BEGIN
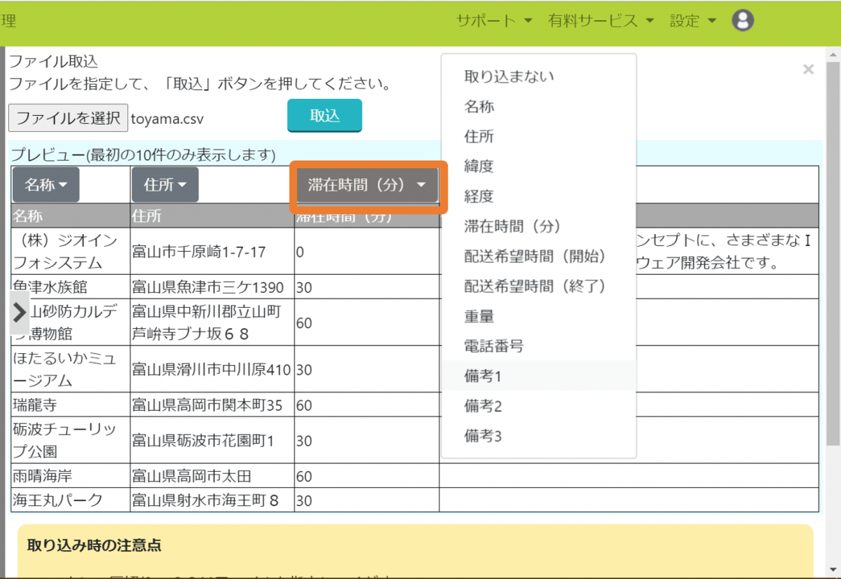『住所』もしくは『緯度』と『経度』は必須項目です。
END
BEGIN
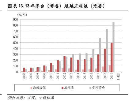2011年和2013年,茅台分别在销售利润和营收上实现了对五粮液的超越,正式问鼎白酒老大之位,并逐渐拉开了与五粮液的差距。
END
BEGIN
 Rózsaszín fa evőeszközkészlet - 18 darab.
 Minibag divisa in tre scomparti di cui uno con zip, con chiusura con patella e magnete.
END
WORK TASK:
Return only the stretch of the material above from the line holding "Rózsaszín fa evőeszközkészlet - 18 darab." through the line holding "Minibag divisa in", copied exactly.

RESULT OF THIS TASK:
 Rózsaszín fa evőeszközkészlet - 18 darab.
 Minibag divisa in tre scomparti di cui uno con zip, con chiusura con patella e magnete.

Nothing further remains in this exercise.